Information supplied:
:::
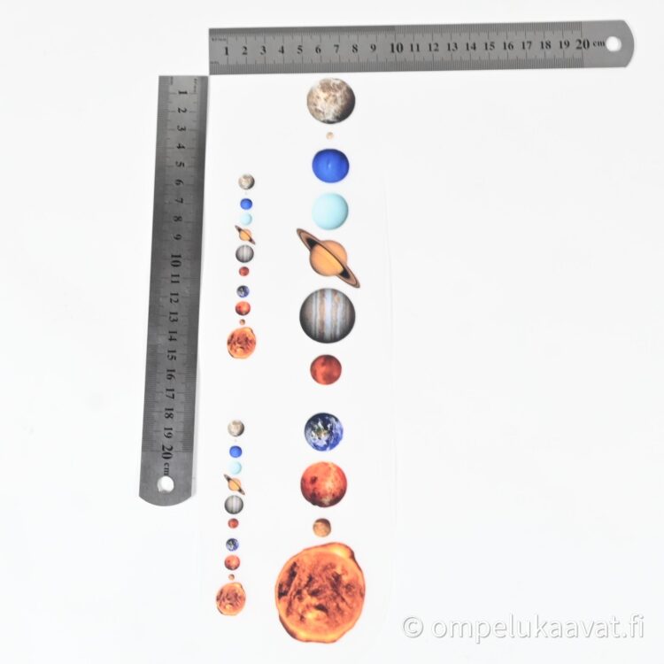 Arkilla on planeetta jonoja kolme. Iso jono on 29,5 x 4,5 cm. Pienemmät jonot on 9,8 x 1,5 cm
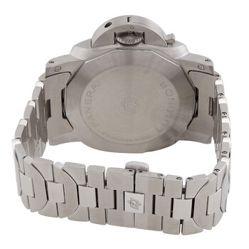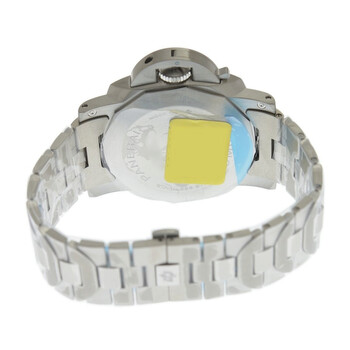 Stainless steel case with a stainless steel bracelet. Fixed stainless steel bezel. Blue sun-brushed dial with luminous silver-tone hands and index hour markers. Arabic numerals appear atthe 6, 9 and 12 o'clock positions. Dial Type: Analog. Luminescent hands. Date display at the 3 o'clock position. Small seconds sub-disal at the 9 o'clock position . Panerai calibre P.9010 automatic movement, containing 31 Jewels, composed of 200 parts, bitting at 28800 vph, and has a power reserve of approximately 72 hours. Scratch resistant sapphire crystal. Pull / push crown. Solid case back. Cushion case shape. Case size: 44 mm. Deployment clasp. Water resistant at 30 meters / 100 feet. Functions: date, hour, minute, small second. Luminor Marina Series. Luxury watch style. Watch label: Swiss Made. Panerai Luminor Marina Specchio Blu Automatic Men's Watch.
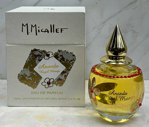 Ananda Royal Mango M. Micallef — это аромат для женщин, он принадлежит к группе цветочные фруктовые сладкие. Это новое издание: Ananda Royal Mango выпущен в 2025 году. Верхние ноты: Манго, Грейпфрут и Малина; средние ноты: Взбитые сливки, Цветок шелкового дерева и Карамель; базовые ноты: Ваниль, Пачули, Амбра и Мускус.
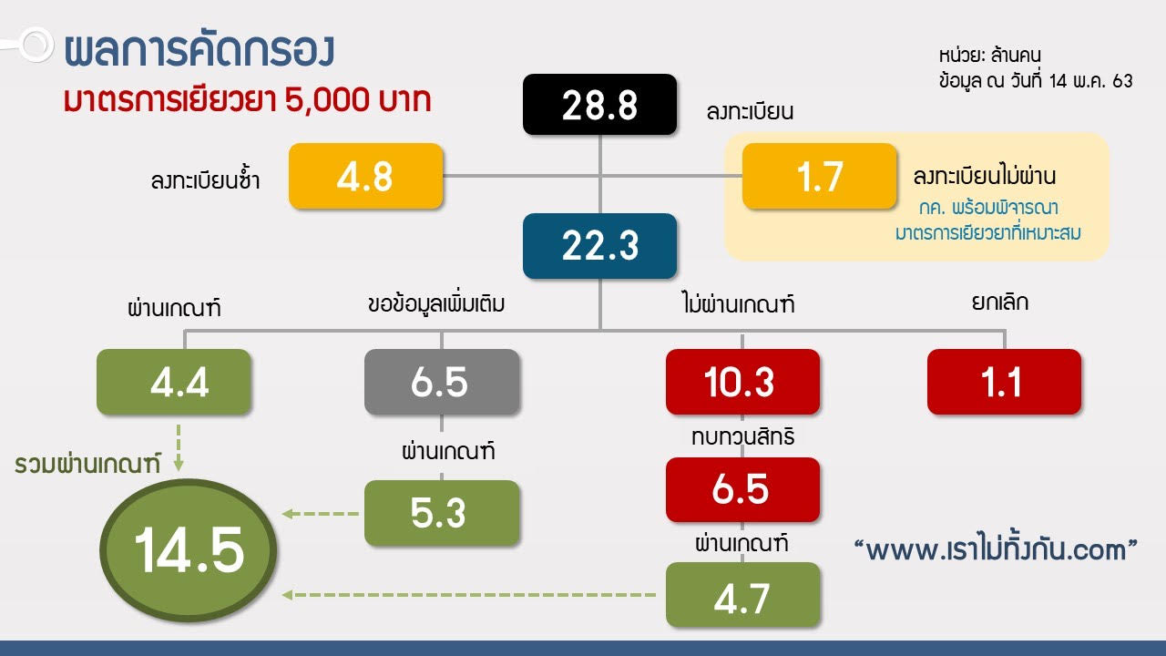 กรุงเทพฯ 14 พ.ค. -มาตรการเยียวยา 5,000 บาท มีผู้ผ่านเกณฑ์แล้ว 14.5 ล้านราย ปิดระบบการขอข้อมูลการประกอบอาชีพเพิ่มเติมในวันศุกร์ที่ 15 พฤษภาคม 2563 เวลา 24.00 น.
:::
What is needed is an exact copy of all the data, with no images in it.

Answer space:
 Arkilla on planeetta jonoja kolme. Iso jono on 29,5 x 4,5 cm. Pienemmät jonot on 9,8 x 1,5 cm
 Stainless steel case with a stainless steel bracelet. Fixed stainless steel bezel. Blue sun-brushed dial with luminous silver-tone hands and index hour markers. Arabic numerals appear atthe 6, 9 and 12 o'clock positions. Dial Type: Analog. Luminescent hands. Date display at the 3 o'clock position. Small seconds sub-disal at the 9 o'clock position . Panerai calibre P.9010 automatic movement, containing 31 Jewels, composed of 200 parts, bitting at 28800 vph, and has a power reserve of approximately 72 hours. Scratch resistant sapphire crystal. Pull / push crown. Solid case back. Cushion case shape. Case size: 44 mm. Deployment clasp. Water resistant at 30 meters / 100 feet. Functions: date, hour, minute, small second. Luminor Marina Series. Luxury watch style. Watch label: Swiss Made. Panerai Luminor Marina Specchio Blu Automatic Men's Watch.
 Ananda Royal Mango M. Micallef — это аромат для женщин, он принадлежит к группе цветочные фруктовые сладкие. Это новое издание: Ananda Royal Mango выпущен в 2025 году. Верхние ноты: Манго, Грейпфрут и Малина; средние ноты: Взбитые сливки, Цветок шелкового дерева и Карамель; базовые ноты: Ваниль, Пачули, Амбра и Мускус.
 กรุงเทพฯ 14 พ.ค. -มาตรการเยียวยา 5,000 บาท มีผู้ผ่านเกณฑ์แล้ว 14.5 ล้านราย ปิดระบบการขอข้อมูลการประกอบอาชีพเพิ่มเติมในวันศุกร์ที่ 15 พฤษภาคม 2563 เวลา 24.00 น.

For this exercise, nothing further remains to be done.